Test No. 19 did not contain Nb, so the result was that the prior γ-grain size become larger and the delayed fracture strength was inferior.

Test No. 20 was low in B content, so the result was that the hardness stability was inferior.

Test No. 21 had an S content exceeding the prescribed upper limit value, so the result was that the value of the cleanliness exceeded 0.08% and the delayed fracture strength was inferior.

Test No. 22 had an Si content exceeding the prescribed upper limit value, so the result was that the A₃ point rose, the structure did not become a martensite single-phase structure after hot forming, and the hardness stability and delayed fracture strength were inferior.

Test Nos. 1, 3, 5, 8, and 11 to 15 satisfying the requirements of the present invention were excellent in both hardness stability and delayed fracture resistance in the results.

INDUSTRIAL APPLICABILITY

According to the present invention, it is possible to obtain a high strength hot formed steel sheet member having a 1.7 GPa or more tensile strength and realizing both hardness stability and delayed fracture resistance. The high strength hot formed steel sheet member of the present invention is particularly suitable for use as impact resistant parts of an automobile.

REFERENCE SIGNS LIST

• 1. hot forming-use steel sheet
• 2. hot formed steel sheet member
• 11. punch
• 12. die

Claims

1. A high-strength hot-formed steel sheet member having

a chemical composition comprising, by mass %,

C: 0.25 to 0.40%,

Si: 0.005 to 0.14%,

Mn: 1.50% or less,

P: 0.02% or less,

S: 0.005% or less,

sol.

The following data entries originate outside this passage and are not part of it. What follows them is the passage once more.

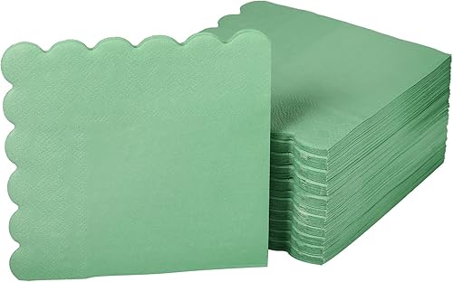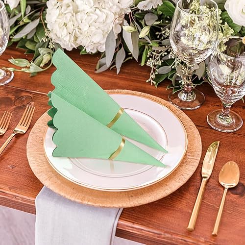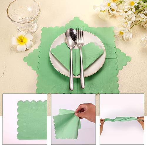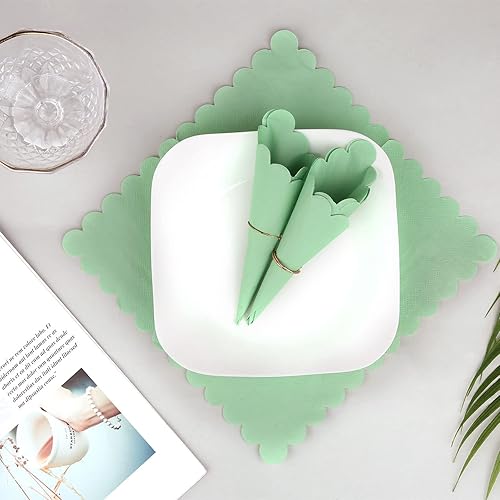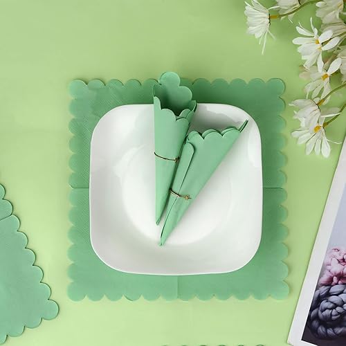 100pcs Serviettes Cocktail Vert Sauge, 12 x 12 cm Exquises Serviettes à Cocktail Sauge Festonnée Serviettes Cocktail Trois Épaisseurs pour Fête de Mariage Dîner Anniversaire Fournitures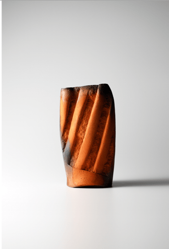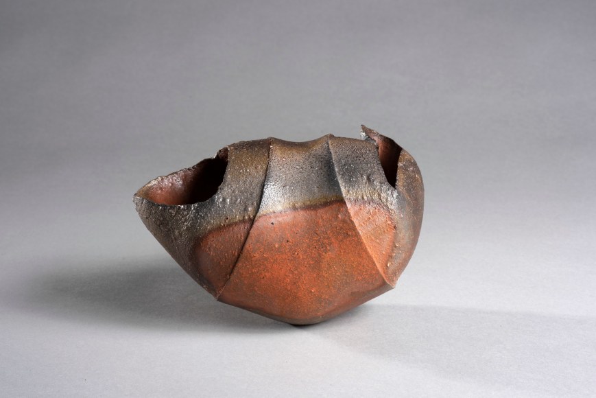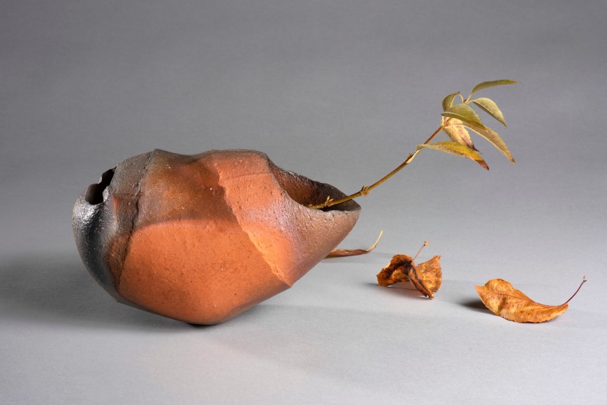 The innovative, sculptural Yo series by Koichiro Isezaki came from his realizations while making tea bowls. Curious about the inside air and outside air, he wondered if there is a form that can feel space (inside) by form (outside). And then he started to bend and squash vessels. The vessels have hollowness. He believes the inner world and the outer world connect to each other and this relationship is a universal truth. Above all, he wants people to feel the living, breathing atmosphere from these pieces which have a sense of movement implied.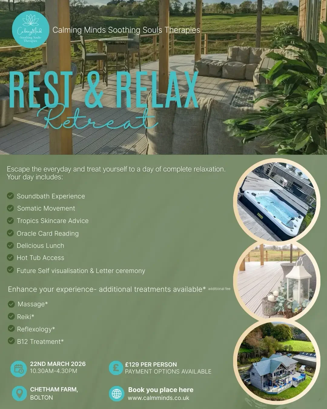 Escape the everyday and treat yourself to a day of complete relaxation. Set in the stunning Bolton countryside, our retreat combines therapeutic treatments, delicious food, and luxurious facilities to restore your mind, body, and soul.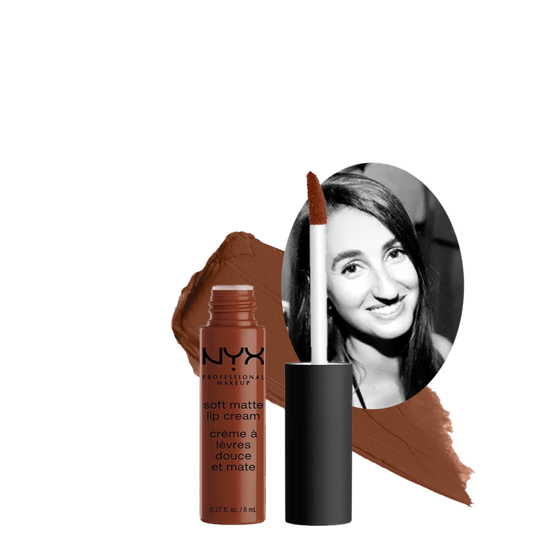 Expert Tip: “I like using NYX’s Soft Matte Lip Cream in ‘Dubai’ on deeper skin tones. If you have a richer tone, it’s important to choose a colour with a slight chocolate-red undertone – anything too brown can make the colour appear dull and grey on the lips. I recommend using this product alone for a more subtle finish, but I also like to add a drop of Fenty Beauty’s Gloss Bomb Cream Colour Drip Lip Cream in the shade ‘Cookie Jar’ for more dimension.” – Nadine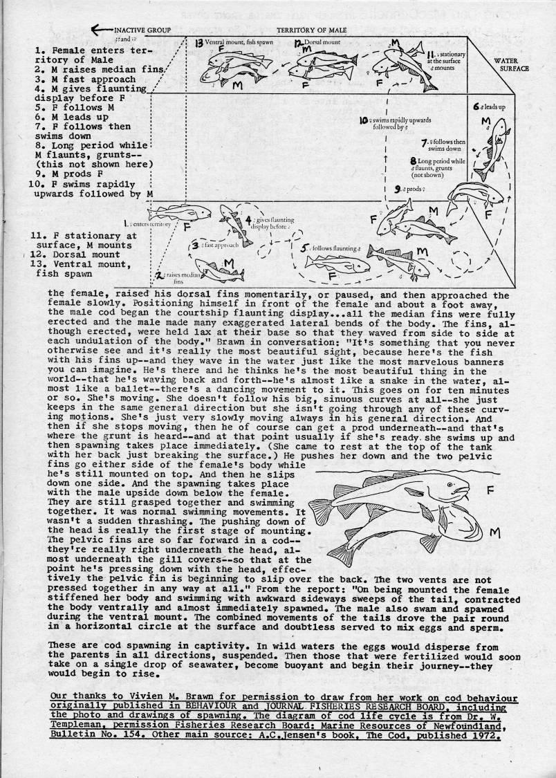 ' ??' • ?INACTIVE GROUP TERRITORY OF MALE 1. Female enters ter? ritory of Male 2. M raises median fins/ 3. M fast approach 4. M gives flaunting, display before F 5. F follows M 6. M leads up 7. P follows then swims down 8. Long period while M flaunts, grunts • (this not shown here) 9. M prods F 10. F swims rapidly upwards followed by 11. F stationary at surface, M mounts 12. Dorsal mount 13. Ventral mount, fish spawn the female, raised his dorsal fins momentarily, or paused, and then approached the female slowly. Positioning himself in front of the female and about a foot away, the male cod began the courtship flaunting display...all the median fins were fully erected and the male made many exaggerated lateral bends of the body. The fins, al? though erected, were held lax at their base so that they waved from side to side at each undulation of the body." Brawn in conversation; "It's something that you never otherwise see and it's really the most beautiful sight, because here's the fish with his fins up • and they wave in the water just like the most marvelous banners you can imagine. He's there and he thinks he's the most beautiful thing in the world • that he's waving back and forth • he's alraost like a snake in the water, al? most like a ballet • there's a dancing moveraent to it. This goes on for ten minutes or so. She's moving. She doesn't follow his big, sinuous curves at all • she just keeps in the same general direction but she isn't going through any of these curv? ing motions. She's just very slowly moving always in his general direction. And then if she stops moving, then he of course can get a prod underneath • and that's where the grunt is heard • and at that point usually if she's ready, she swims up and then spawning takes place immediately. (She came to rest at the top of the tank with her back just breaking the surface.) He pushes her down and the two pelvic fins go either side of the female's body while he's still mounted on top. And then he slips down one side. And the spawning takes place with the male upside down below the female. They are still grasped together and swimming together. It was normal swimming movements. It ' wasn't a sudden thrashing. The pushing down of the head is really the first stage of mounting. '''.'sf''' """rs'J' ""I') ' The pelvic fins are so far forward in a cod • ' " "' they're really right underneath the head, al? most underneath the gill covers • so that at the point he's pressing down with the head, effec? tively the pelvic fin is beginning to slip over the back. Ihe two vents are not pressed together in any way at all." From the report: "On being mounted the female stiffened her body and swimming with awkward sideways sweeps of the tail, contracted the body ventrally and almost immediately spawned. The male also swam and spawned during the ventral mount. The combined movements of the tails drove the pair round in a horizontal circle at the surface and doubtless served to mix eggs and sperm. These are cod spawning in captivity. In wild waters the eggs would disperse from the parents in all directions, suspended. Then those that were fertilized would soon take on a single drop of seawater, become buoyant and begin their journey • they would begin to rise. Our thanks to Vivien M. Brawn for permission to draw from her work on cod behaviour originally published in BEHAVIOUR and JOURNAL.FISHERIES RESEARCH BOARD, including the photo and drawings of spawning. The diagram of cod life cycle is from Dr. W. Templeman. permission Fisheries Research Board: Marine Resources of Newfoundland. Bulletin No. 154. Other main source; A.C.Jensen's book. The Cod, published 1972.

Al: 0.0002 to 1.0%,

N: 0.01% or less,

Cr: 0.25 to 3.00%,

Ti: 0.01 to 0.05%,

Nb: 0.01 to 0.50%,

B: 0.001 to 0.01%, and

a balance of Fe and unavoidable impurities;

a total of content of Mn and content of Cr of 1.5 to 3.5%;

an Mn segregation ratio α represented by the following formula (i) of 1.6 or less;

a value of cleanliness of steel prescribed by JIS G 0555 (2003) of 0.08% or less;

having an average grain size of prior γ-grains of 10 μm or less; and

a number density of residual carbides present of 4×103/mm2 or less: α=[Maximum Mn concentration at center part in sheet thickness(mass %)]/[Average Mn concentration at position of ¼ sheet thickness depth from surface(mass %)]  (i).

2. The high-strength hot-formed steel sheet member according to claim 1 wherein said chemical composition further includes, by mass %, one or more elements selected from

Ni: 0 to 3.0%,

Cu: 0 to 1.0%,

Mo: 0 to 2.0%,

V: 0 to 0.1%, and

Ca: 0 to 0.01%.

3. The high-strength hot-formed steel sheet member according to claim 1 having a plating layer at the surface of said steel sheet.

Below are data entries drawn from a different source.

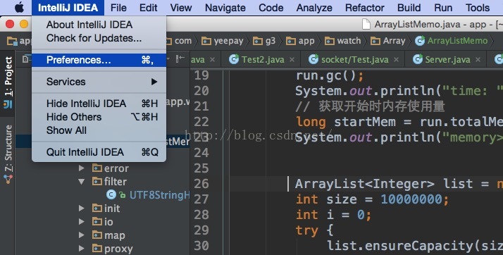 1)选择idea配置面板,我以mac为例,windows是打开settings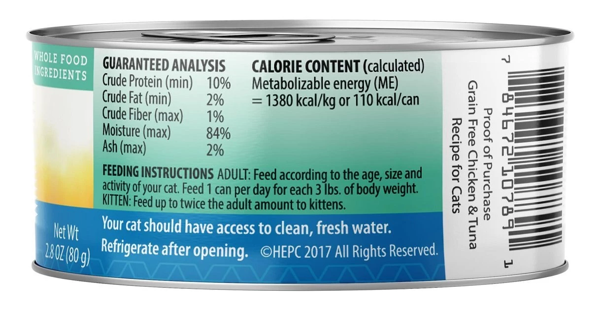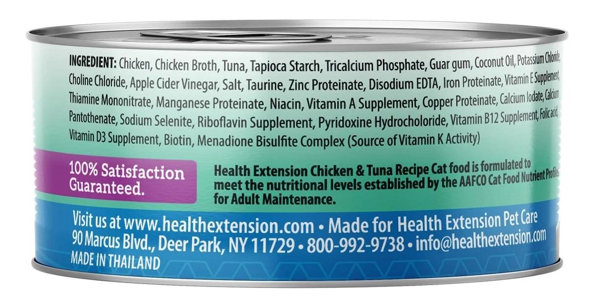 The Health Extension Grain-Free Chicken & Tuna Recipe Canned Cat Food nourishes your feline with every single bite. Made to provide years of soft purrs and gentle nuzzles, this holistic recipe is specially formulated to promote a shiny coat, resilient immune system, flexible joints, and strong bones. It’s chock full of vitamins and nutrients that also maintain a healthy urinary tract, and your cat will love the chicken and tuna flavors with rich fruits and vegetables—and you’ll feel great about giving him paw-some food.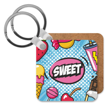 SWEET, Μπρελόκ Ξύλινο τετράγωνο MDF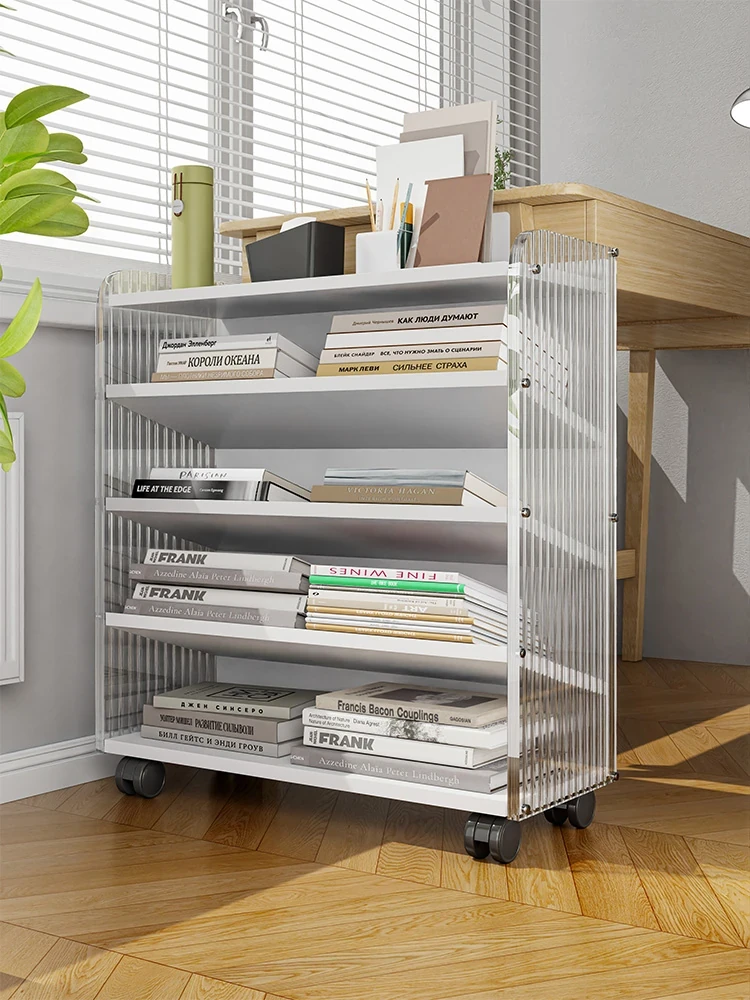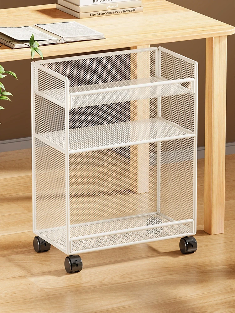 Mobile Office Storage Shelf with Wheels - Multi-Layer Book Organizer and File Management Rack for Desk and Workstation

4. The high-strength hot-formed steel sheet member according to claim 1 wherein said steel sheet member has a tensile strength of 1.7 GPa or more.

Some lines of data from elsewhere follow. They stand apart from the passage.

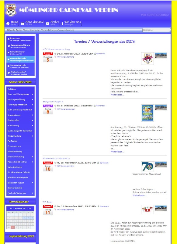 Wenn ich nun z.B. links im Menü "Terminübersicht" anwähle, sehe ich alle Veranstaltungen (Beitrag mit eingebettetem JEM - Modul Teaser).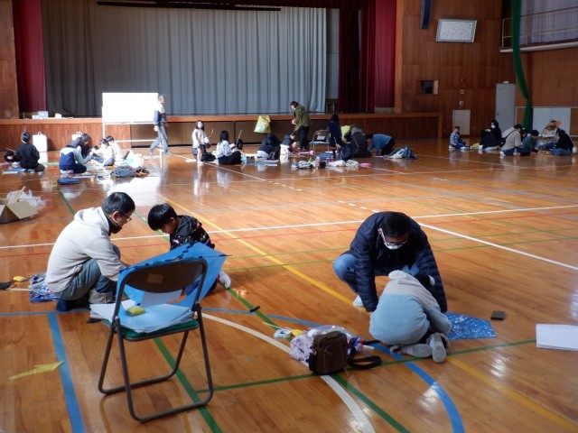 多くの保護者の方々、児童が体育館で凧作りに挑戦しています。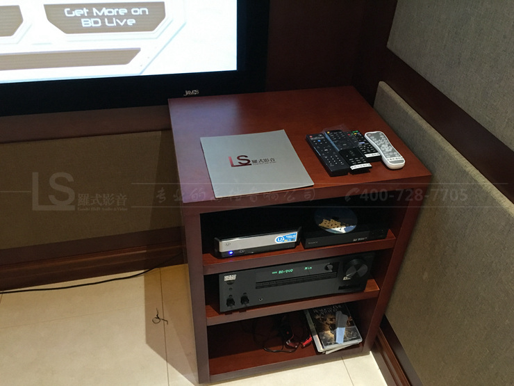 整个功能上来说,原本卡拉OK系统和影院系统式在同一个房间内的,后来考虑到唱歌时人员较多,经和游总沟通确认,我们建议把卡拉OK系统放在影音室外的厅里。影音室里搭配了一台蓝光机和一台硬盘播放器作为信号源,可以看光碟形式的蓝光电影。

5. The high-strength hot-formed steel sheet member according to claim 2 having a plating layer at the surface of said steel sheet.

6. The high-strength hot-formed steel sheet member according to claim 2 wherein said steel sheet member has a tensile strength of 1.7 GPa or more.

7. The high-strength hot-formed steel sheet member according to claim 3 wherein said steel sheet member has a tensile strength of 1.7 GPa or more.